If you’re interested, you can score copies of many of these on eBay for under $20.
(Hi, this is Tim Carmody filling in for Jason this week. Hope you all have had a lovely holiday and are ready for more bloggy goodness here at kottke dot org.)
For a variety of reasons, I recently found myself inside a legal marijuana dispensary for the first time. I wasn’t sure exactly what I expected the retail experience to be like — a liquor store? a coffee shop? a used car lot? the paraphrenelia shops I first checked out as a teenager? — but I was nevertheless surprised.
The closest analogy I can think of is a jewelry store. There was pretty decent security, including a whole separate room for customers to check in, and everything was presented in a secure display case. A salesperson walked you through the samples to answer questions, guide you in one direction or another, and take your order, while the order itself was filled in a secure area away from the showroom. The other shopping experience I’ve had that’s similar was buying medical equipment, which makes some sense given the origin of a lot of retail dispensaries in the medical marijuana era. You could also say it’s a little like a pharmacy (which again, is probably unsurprising).
Some of the setup of dispensaries is a function of legal regulations (do you need to check IDs and differentiate between medical and recreational customers?) and some of it solves some practical problems (weed is expensive and there’s still a viable aftermarket, so you are in principle a target for theft).
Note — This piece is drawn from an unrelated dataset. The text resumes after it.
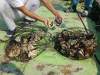 すべての作業が済むと籠に入れ船べりにつるして出荷待ちとなります。

But it’s also a question of culture: who’s involved in the transaction as a seller and as a buyer, and what are their assumptions and competencies that they’re bringing to the party (so to speak)?
For instance, today Lifehacker (I know, right?) has a short interview with an entrepreneur who runs dispensaries in California, who comes out of the restaurant industry. (It’s titled “How to Break Into the Legal Weed Industry” which is, I think, a very rare kind of service journalism, or more likely, a simple explainer masquerading as service journalism.)
“My entrance into the cannabis industry was several years ago,” said Captor Capital’s Adam Wilks, who operates dispensaries in California, where he reported the business is “smooth sailing” for the most part. “I had worked in the restaurant industry for major brands, including Pinkberry. When I entered, we were just starting to see traction with federal legalization pushes like the SAFE Banking Act and statewide sweeps. I think I entered during the ‘sweet spot’ period where there was still a lot of excitement about an emerging industry and a lot of big money wasn’t quite ready to take risks. Now, everyone is funneling into cannabis.”
Now, a restaurant is a very different industry and has a very different culture than a pharmacy or jeweler or the marijuana sales industry as it’s existed pre-legalization. One might expect a very different retail experience by people with those competencies and expectations. As people from other industries enter the world of cannabis, an amalgamated lingua franca might start to emerge, or you might get very differentiated experiences in different markets.
There’s an Achewood comic titled “Marijuana is not coffee” that’s about five years old now that compares the emerging legal cannabis industry to coffee shops — not just ubiquitous but gentrified, made completely palatable by the American retail industry’s ability to turn anything into a consumer-friendly experience. The characters also imagine a whole cannabis-specific jargon, on the model of coffee talk. Here’s an excerpt:
I don’t know; someone with more than a passing acquaintance with these shops and their alternatives will have to do the full anthropology. But it does seem to me that with the legalization of marijuana, we are in the process of changing more than who is allowed to get high and who is allowed to get paid without being punished.